━━ Data for the task

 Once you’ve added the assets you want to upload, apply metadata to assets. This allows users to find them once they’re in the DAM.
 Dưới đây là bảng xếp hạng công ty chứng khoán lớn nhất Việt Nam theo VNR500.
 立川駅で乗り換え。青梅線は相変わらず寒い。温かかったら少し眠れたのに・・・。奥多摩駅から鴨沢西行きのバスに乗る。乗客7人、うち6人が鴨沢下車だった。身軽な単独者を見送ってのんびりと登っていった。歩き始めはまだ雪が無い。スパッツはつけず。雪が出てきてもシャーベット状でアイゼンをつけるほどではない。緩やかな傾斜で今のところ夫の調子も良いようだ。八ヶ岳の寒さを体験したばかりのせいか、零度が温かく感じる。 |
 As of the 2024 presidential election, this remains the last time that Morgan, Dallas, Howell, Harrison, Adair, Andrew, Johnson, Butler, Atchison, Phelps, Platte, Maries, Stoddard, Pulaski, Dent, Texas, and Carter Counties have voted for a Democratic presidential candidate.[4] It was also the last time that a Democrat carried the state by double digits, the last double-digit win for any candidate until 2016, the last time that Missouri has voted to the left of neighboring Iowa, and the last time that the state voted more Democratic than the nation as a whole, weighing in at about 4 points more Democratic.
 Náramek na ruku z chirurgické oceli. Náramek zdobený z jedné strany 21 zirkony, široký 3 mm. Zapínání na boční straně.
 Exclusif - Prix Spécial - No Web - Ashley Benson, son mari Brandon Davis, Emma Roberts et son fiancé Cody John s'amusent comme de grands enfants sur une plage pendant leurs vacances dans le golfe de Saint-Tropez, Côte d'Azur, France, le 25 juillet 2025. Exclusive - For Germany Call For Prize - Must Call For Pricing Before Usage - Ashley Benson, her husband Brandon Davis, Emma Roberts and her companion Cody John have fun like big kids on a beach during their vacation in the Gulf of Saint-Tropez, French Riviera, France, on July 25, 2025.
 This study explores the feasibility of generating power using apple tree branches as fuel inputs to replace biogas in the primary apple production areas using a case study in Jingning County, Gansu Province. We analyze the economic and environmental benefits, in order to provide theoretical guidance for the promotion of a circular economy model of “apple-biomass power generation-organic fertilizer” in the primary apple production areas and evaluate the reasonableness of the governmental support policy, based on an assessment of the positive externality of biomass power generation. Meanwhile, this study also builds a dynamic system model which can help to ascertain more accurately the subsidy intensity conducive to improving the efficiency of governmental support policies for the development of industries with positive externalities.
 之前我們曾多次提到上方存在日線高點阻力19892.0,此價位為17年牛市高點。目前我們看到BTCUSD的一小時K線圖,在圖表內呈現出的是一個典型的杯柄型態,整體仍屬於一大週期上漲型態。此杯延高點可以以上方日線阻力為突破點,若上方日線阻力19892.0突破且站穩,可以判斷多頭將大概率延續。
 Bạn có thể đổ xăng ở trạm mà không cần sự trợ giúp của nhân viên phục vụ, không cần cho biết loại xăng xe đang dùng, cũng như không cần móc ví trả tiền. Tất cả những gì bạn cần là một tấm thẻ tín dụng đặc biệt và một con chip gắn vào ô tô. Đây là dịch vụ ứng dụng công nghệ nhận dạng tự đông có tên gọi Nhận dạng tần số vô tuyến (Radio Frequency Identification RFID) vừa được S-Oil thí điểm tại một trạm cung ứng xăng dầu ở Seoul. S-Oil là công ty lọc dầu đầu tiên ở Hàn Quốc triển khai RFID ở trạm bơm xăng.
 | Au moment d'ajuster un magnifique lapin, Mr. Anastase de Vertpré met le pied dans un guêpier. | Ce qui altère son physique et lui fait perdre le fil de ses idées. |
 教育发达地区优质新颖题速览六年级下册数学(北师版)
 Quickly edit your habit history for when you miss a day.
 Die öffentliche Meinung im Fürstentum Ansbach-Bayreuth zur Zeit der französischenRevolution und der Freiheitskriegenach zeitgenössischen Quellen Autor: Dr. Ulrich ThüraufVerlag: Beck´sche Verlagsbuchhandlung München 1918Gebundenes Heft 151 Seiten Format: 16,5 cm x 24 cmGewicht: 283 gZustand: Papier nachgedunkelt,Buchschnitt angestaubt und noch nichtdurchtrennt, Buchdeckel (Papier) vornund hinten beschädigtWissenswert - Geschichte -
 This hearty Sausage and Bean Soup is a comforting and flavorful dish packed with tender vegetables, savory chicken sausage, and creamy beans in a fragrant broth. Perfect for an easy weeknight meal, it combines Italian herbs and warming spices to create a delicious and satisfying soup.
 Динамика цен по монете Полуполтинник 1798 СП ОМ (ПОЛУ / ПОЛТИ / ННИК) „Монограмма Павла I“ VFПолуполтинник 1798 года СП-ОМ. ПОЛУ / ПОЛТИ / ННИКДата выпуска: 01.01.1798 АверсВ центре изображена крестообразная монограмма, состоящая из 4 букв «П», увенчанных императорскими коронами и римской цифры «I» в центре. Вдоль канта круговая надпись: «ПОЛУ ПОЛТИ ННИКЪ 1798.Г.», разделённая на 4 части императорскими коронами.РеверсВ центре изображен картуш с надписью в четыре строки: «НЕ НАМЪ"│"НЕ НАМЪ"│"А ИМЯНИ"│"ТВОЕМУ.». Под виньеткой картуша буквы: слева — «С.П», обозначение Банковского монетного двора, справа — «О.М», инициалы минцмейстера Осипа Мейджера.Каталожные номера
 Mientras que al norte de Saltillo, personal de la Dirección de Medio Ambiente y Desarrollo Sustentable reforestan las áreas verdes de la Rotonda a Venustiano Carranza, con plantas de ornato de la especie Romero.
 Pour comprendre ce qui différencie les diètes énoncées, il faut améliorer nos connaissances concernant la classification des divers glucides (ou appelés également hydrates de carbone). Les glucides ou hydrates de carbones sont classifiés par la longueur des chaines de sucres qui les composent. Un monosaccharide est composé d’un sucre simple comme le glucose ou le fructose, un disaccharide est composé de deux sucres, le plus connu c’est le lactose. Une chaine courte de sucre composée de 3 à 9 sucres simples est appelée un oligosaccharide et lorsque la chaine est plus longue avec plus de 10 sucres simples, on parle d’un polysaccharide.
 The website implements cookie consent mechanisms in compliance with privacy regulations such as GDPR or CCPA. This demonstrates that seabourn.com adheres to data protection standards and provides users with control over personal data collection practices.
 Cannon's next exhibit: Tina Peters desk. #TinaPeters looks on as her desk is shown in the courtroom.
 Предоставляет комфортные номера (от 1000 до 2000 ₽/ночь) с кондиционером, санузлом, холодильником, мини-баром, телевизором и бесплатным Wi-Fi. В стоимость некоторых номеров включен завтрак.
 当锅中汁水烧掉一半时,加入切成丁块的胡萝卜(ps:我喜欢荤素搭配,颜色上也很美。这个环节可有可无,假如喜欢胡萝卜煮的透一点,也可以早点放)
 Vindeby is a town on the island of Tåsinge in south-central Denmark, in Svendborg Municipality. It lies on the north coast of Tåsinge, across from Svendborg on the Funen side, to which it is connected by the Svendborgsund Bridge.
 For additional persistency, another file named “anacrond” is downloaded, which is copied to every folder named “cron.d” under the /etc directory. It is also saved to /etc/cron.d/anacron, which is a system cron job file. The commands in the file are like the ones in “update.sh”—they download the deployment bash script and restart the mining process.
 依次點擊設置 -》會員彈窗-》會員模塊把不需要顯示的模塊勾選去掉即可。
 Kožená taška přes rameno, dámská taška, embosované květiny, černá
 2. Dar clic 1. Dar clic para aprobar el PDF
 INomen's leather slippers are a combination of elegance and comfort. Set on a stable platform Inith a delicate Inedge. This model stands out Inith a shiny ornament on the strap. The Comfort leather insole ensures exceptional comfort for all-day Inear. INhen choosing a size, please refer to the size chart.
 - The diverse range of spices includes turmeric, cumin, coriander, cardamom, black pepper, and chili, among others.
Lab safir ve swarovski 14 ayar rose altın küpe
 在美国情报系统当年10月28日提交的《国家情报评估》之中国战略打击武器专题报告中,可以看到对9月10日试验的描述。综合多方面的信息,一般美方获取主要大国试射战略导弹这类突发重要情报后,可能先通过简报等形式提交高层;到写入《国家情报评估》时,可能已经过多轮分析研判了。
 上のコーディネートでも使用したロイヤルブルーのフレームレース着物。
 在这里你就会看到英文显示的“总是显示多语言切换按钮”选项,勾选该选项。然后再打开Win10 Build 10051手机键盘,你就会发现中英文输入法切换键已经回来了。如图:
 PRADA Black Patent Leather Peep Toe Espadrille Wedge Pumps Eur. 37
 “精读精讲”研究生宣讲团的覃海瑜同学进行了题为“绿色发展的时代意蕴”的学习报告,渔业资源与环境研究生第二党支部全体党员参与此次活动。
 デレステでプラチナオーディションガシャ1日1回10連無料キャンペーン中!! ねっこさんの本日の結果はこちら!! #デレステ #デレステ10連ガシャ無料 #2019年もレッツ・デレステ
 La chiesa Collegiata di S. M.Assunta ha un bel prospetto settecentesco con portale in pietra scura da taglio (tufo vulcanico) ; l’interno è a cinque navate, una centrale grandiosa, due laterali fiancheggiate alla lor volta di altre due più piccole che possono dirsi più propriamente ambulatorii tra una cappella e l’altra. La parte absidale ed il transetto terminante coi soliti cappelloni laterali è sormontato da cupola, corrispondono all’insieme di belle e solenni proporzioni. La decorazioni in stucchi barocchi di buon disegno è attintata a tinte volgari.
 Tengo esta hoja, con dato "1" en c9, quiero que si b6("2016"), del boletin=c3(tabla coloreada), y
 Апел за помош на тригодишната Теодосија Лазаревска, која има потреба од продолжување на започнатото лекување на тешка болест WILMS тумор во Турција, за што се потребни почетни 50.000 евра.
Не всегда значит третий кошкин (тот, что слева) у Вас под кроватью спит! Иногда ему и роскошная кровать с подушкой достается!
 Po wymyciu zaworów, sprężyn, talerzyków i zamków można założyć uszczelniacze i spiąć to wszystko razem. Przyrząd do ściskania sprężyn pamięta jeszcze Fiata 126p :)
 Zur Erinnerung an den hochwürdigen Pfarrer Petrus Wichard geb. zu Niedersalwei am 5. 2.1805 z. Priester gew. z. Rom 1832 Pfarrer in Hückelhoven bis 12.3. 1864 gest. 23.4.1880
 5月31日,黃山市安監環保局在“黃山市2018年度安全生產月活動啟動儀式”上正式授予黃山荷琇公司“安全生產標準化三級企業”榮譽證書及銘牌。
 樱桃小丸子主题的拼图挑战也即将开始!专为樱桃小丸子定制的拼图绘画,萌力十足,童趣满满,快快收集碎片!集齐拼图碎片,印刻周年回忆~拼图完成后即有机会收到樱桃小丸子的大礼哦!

━━━━

What the exercise asks: Emit an exact copy of the lines spanning the start of the records to the line containing "立川駅で乗り換え。青梅線は相", inclusive, and no other output.

Expected output:
 Once you’ve added the assets you want to upload, apply metadata to assets. This allows users to find them once they’re in the DAM.
 Dưới đây là bảng xếp hạng công ty chứng khoán lớn nhất Việt Nam theo VNR500.
 立川駅で乗り換え。青梅線は相変わらず寒い。温かかったら少し眠れたのに・・・。奥多摩駅から鴨沢西行きのバスに乗る。乗客7人、うち6人が鴨沢下車だった。身軽な単独者を見送ってのんびりと登っていった。歩き始めはまだ雪が無い。スパッツはつけず。雪が出てきてもシャーベット状でアイゼンをつけるほどではない。緩やかな傾斜で今のところ夫の調子も良いようだ。八ヶ岳の寒さを体験したばかりのせいか、零度が温かく感じる。 |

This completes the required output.